#### [Supplied material]
★ ★ ★ ★ ★ ★ ★
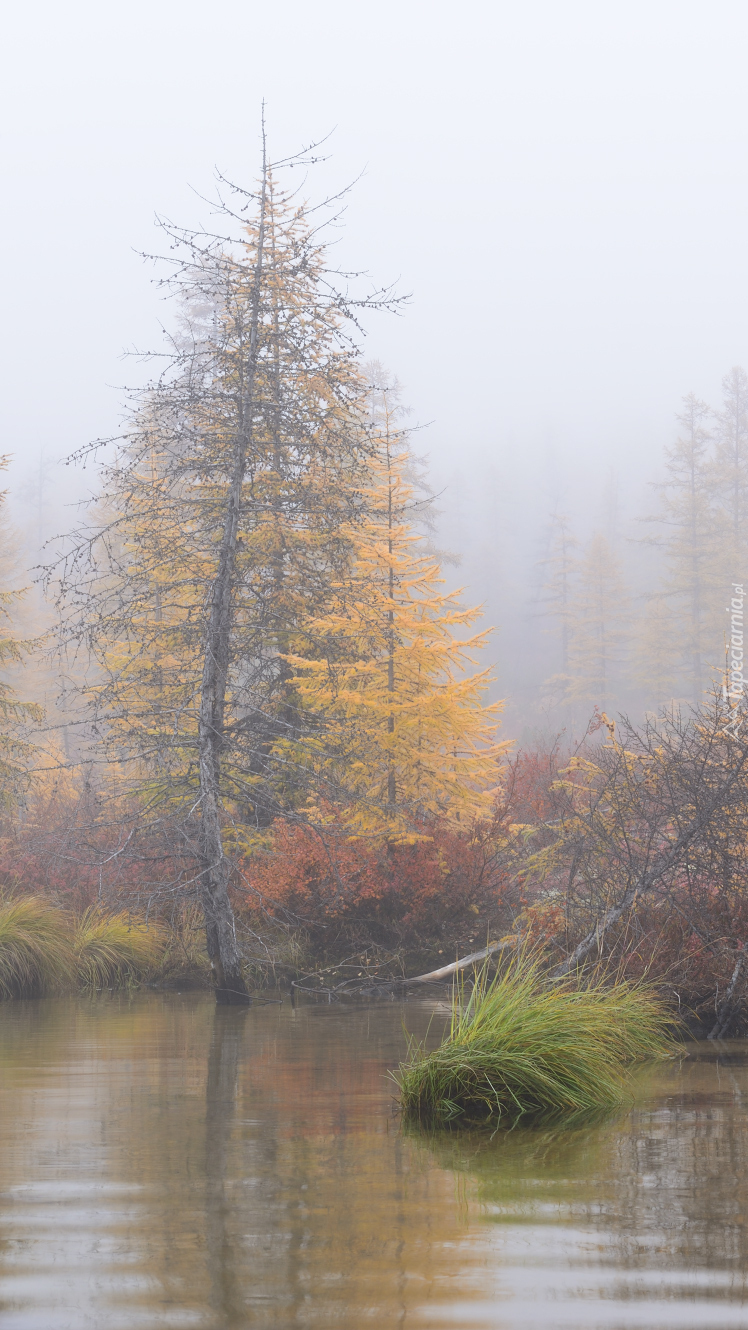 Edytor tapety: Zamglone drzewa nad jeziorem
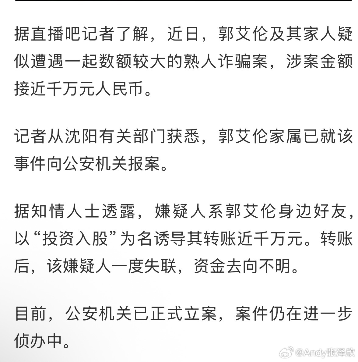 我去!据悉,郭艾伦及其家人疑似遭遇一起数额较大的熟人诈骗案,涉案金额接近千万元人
★ ★ ★ ★ ★ ★ ★
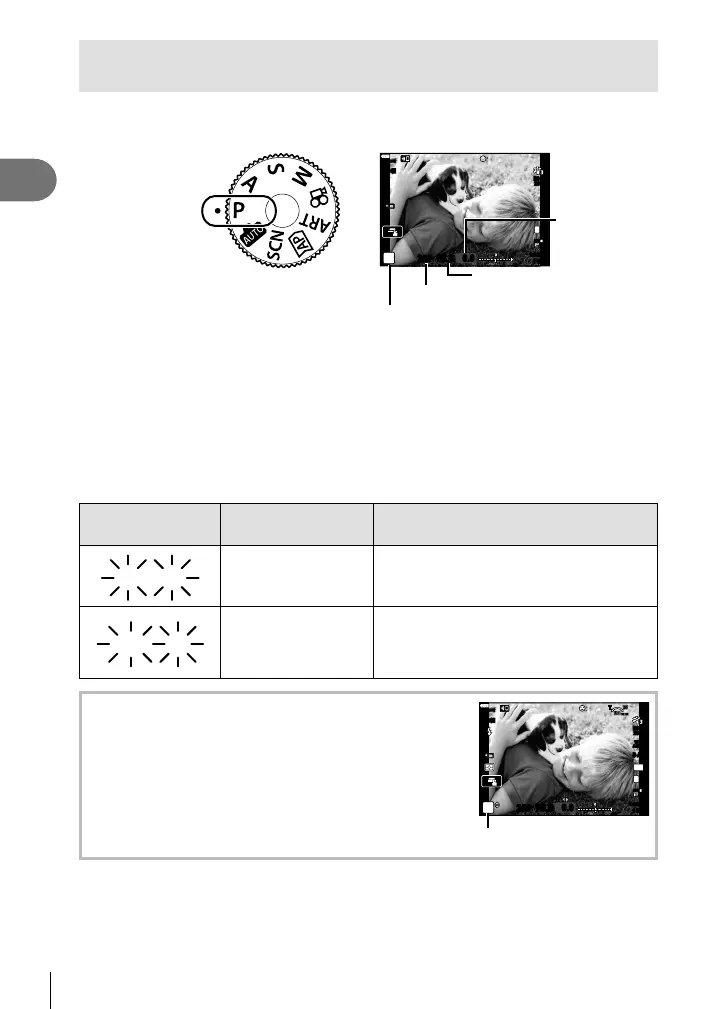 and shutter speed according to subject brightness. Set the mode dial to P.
★ ★ ★ ★ ★ ★ ★
#### [Task requirements]
From the records above, transcribe exactly the lines starting at the one containing "Edytor tapety: Zamglone drzewa nad jeziorem" and ending at the one containing "我去!据悉,郭艾伦及其家人疑". Skip the pictures.

#### [Completed exercise]
 Edytor tapety: Zamglone drzewa nad jeziorem
 我去!据悉,郭艾伦及其家人疑似遭遇一起数额较大的熟人诈骗案,涉案金额接近千万元人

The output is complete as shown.